350-450 nm is preferable, as for the maximum peak of the preferable spectral sensitivity of the photosensitive composition for blue-violet semiconductor lasers of this invention, 355-440 nm is more preferable, 360-430 nm is mentioned especially preferable.
If it is less than 350 nm or more than 450 nm, there is a drawback that sensitivity to a blue-violet semiconductor laser is lowered.

  The maximum spectral sensitivity peak in the present invention refers to a photocurable image-forming material sample having a photocurable composition layer formed on a substrate surface, which is obtained by transversely dividing light obtained by spectrally measuring from a light source of a xenon lamp using a spectral sensitivity measuring device. After exposure in the axial direction, an image corresponding to the sensitivity of each exposure wavelength is obtained by developing, and the exposure energy that allows image formation is calculated from the height of the image. The maximum peak in the spectral sensitivity curve obtained by plotting the reciprocal of the exposure energy.

  Moreover, solubility can be improved by using the squarylium compound of a transition metal salt. When dissolved and used, it is preferable to use a squarylium compound of a transition metal salt.

  Next, the image forming material will be described.

  The image forming material is usually applied onto a temporary support film as a coating solution in which the above-described components are dissolved in an appropriate solvent and dried. If necessary, the surface of the prepared photosensitive composition layer is covered with a coating film. Is formed. Examples of such an image forming material include a dry film resist material.

The image forming material can be used to form the image forming material of the present invention.
When the photosensitive composition layer side of the image forming material is covered with a coating film, the coating film is peeled off and laminated on the substrate to be processed. There is a way.
(1) A coating solution is prepared by dissolving each component of the blue-violet laser-sensitive composition in an appropriate solvent. (2) Apply directly on the substrate to be processed and dry. (3) A layer of the negative blue-violet laser photosensitive composition of the present invention is formed on the substrate to be processed.
Furthermore, the image forming material is suitably used in the following image forming method. That is, the photosensitive composition layer of the image forming material is scanned and exposed with a laser beam having a wavelength of 340 to 430 nm, for example, and developed to reveal an image.

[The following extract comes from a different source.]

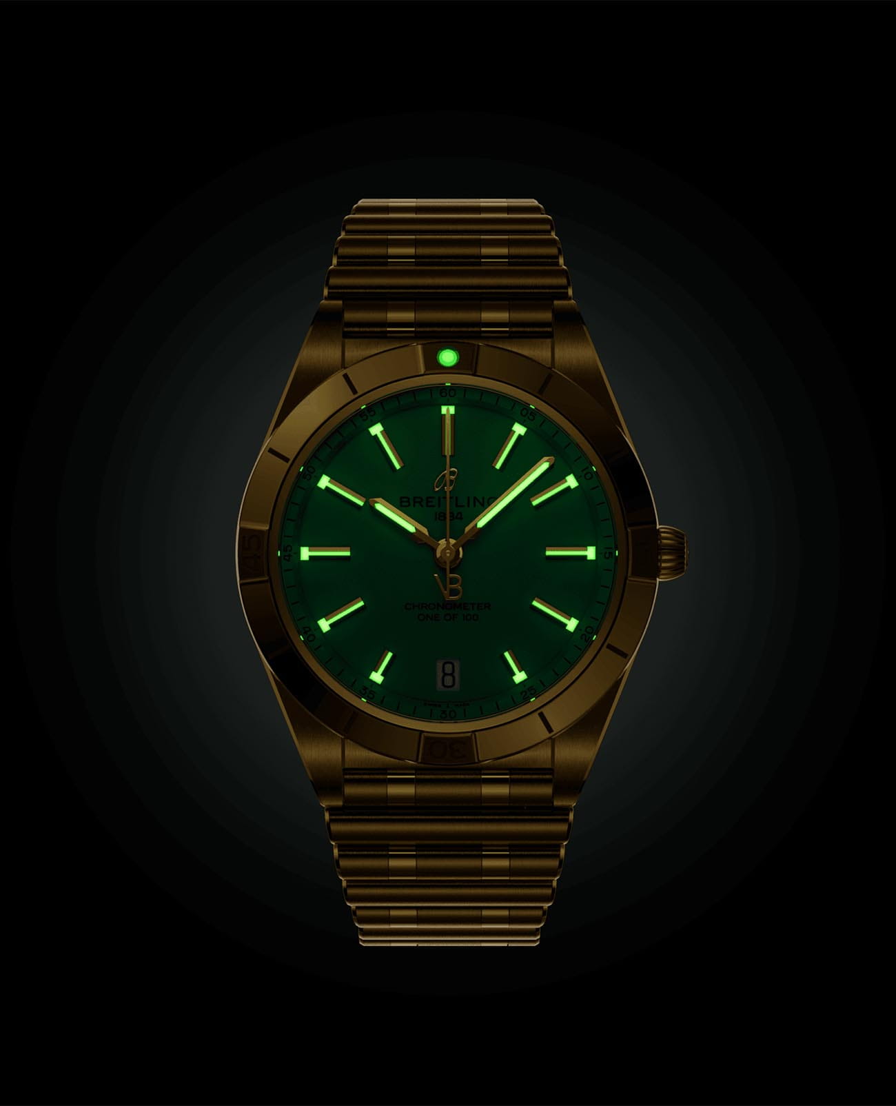 . Браслет на застёжке-бабочке с кнопкамиЗастёжка "бабочка"Такой вид застёжки дополняется предохранителями, помогающими избежать случайного раскрытия браслета. Обладают изящным исполнением. . Стрелки и метки с люминесцентным покрытиемЛюминесцентное покрытиеПозволяет считывать показания времени в темноте. Производители наносят на стрелки, часовые индексы, безель или поверхность циферблата светонакопительный состав, дающий холодное свечение.. Класс водозащиты: 100 метров, позволит плавать, нырять и заниматься другими водными видами спорта. Окошко даты находится в положении 6 часов.

  As the temporary support film when used as the dry film resist material, a conventionally known film such as a polyethylene terephthalate film, a polyimide film, a polyamideimide film, a polypropylene film, or a polystyrene film is used. At that time, when those films have the solvent resistance, heat resistance, etc. necessary for the production of the dry film resist material, the photosensitive composition coating solution is directly applied on the temporary support film. It can be applied and dried to produce a dry film resist material, and even if those films have low solvent resistance, heat resistance, etc., for example, polytetrafluoroethylene film, release film, etc. First, a photosensitive composition layer is formed on a film having releasability, and then a temporary support film having low solvent resistance and heat resistance is laminated on the layer, and then the film having releasability is peeled off. By doing so, a dry film resist material can also be produced.

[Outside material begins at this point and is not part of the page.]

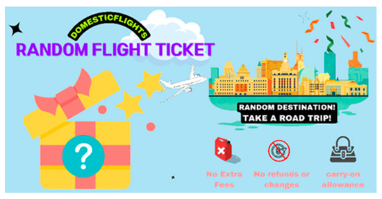Next, in an ostensibly separate task, participants in both conditions viewed a 24-s video introducing a random flight ticket. This unskippable video explained that the product features a non-refundable flight ticket at $13, which includes one-way airfare for a single person to a random domestic destination, with a maximum carry-on baggage allowance of 7 kg. The video was followed by a print advertisement summarizing the key contents of the video (Figure 2). After watching the video and seeing the print advertisement, participants were asked to rate their purchase intention for the random flight ticket. Respondents reacted to items such as “The random flight ticket is a suitable option for me” and “I would like to purchase the random flight ticket” on a seven-point scale (1 = “strongly disagree”, and 7 = “strongly agree”). The Cronbach’s α was 0.935. They also reported how much they appreciated the uncertainty embedded in the random flight ticket, using a seven-point scale (1 = “strongly disagree” and 7 = “strongly agree”). Items were adapted from Ketelaar and Van’T and Thorbjornsen and Buijzen [18], and included items like “I like the fact that this random flight ticket leaves me something to guess about”, “I think it’s interesting that this random flight ticket doesn’t reveal everything”, and” Not knowing the destination in a random flight ticket is exciting to me”. The Cronbach’s α of this scale was 0.847. Finally, participants provided demographic information (e.g., gender, age, and purchase experience). The demographic variables did not predict significant variance in the dependent variable (nor did they interact with any other independent variable to predict the dependent variable).

  The solvent used in the coating solution is not particularly limited as long as it has sufficient solubility with respect to the components used and gives good film formability. For example, methyl cellosolve acetate, ethyl cellosolve acetate, etc. Cellosolve solvents, propylene glycol monomethyl ether, propylene glycol monoethyl ether, propylene glycol monobutyl ether, propylene glycol monomethyl ether acetate, propylene glycol monoethyl ether acetate, propylene glycol monobutyl ether acetate, dipropylene glycol dimethyl ether and other propylene glycol solvents, Butyl acetate, amyl acetate, ethyl butyrate, butyl butyrate, diethyl oxalate, ethyl pyruvate, ethyl-2-hydroxybutyrate Ester solvents such as ethyl acetoacetate, methyl lactate, ethyl lactate, methyl 3-methoxypropionate, alcohol solvents such as methanol, isopropanol, heptanol, hexanol, diacetone alcohol, furfuryl alcohol, ketones such as cyclohexanone, methyl ethyl ketone, etc. Examples of the solvent include aromatic solvents such as toluene, high-polarity solvents such as dimethylformamide, dimethylacetamide, and N-methylpyrrolidone, and those obtained by adding an aromatic hydrocarbon thereto. Among these, single or mixed solvents such as methyl ethyl ketone, methanol, isopropanol, and toluene are preferable from the viewpoint of solubility and viscosity. The use ratio of the solvent is in the range of about 0.5 to 2 times by mass ratio with respect to the total amount of the photosensitive composition.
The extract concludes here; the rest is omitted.